TitleEthnographic process evaluation of a quality improvement project to improve transitions of care for older people
AuthorsElizabeth Sutton, Mary Dixon-Woods, Carolyn Tarrant
Published journalBMJ Open
Objectives Quality improvement projects to address transitions of care across care boundaries are increasingly common but meet with mixed success for reasons that are poorly understood. We aimed to characterise challenges in a project to improve transitions for older people between hospital and care homes.
Design Independent process evaluation, using ethnographic observations and interviews, of a quality improvement project.
Setting and participants An English hospital and two residential care homes for older people.
Data 32 hours of non-participant observations and 12 semistructured interviews with project members, hospital and care home staff.

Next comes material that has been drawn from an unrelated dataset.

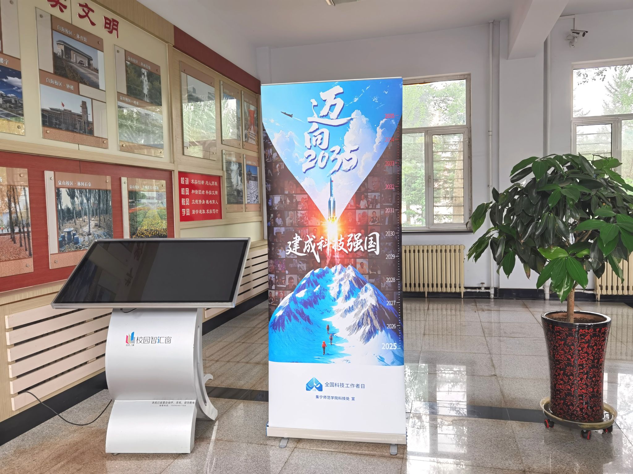 这些海报上,科学家们或深邃或质朴的话语,激励着每一位师生。从袁隆平的“中国人的饭碗,要牢牢地掌握在自己手里”,到屠呦呦的“祖国需要我,我义无反顾”,每一句都闪耀着智慧与奉献的光芒。而全国科技工作者日的宣传海报更是将节日氛围推向高潮,让师生们深刻感受到科技工作者的伟大精神。

Results A hospital-based improvement team sought to reduce unplanned readmissions from residential care homes using interventions including a community-based geriatric team that could be accessed directly by care homes and a communication tool intended to facilitate transfer of information between homes and hospital. Only very modest (if any) impacts of these interventions on readmission rates could be detected. The process evaluation identified multiple challenges in implementing interventions and securing improvement. Many of these arose because of lack of consensus on the nature of the problem and the proper solutions: while the hospital team was keen to reduce readmissions and saw the problems as lying in poor communication and lack of community-based support for care homes, the care home staff had different priorities. Care home staff were unconvinced that the improvement interventions were aligned with their needs or addressed their concerns, resulting in compromised implementation.
Conclusions Process evaluations have a valuable role in quality improvement. Our study suggests that a key task for quality improvement projects aimed at transitions of care is that of developing a shared view of the problem to be addressed. A more participatory approach could help to surface assumptions, interpretations and interests and could facilitate the coproduction of solutions. This finding is likely to have broader applicability.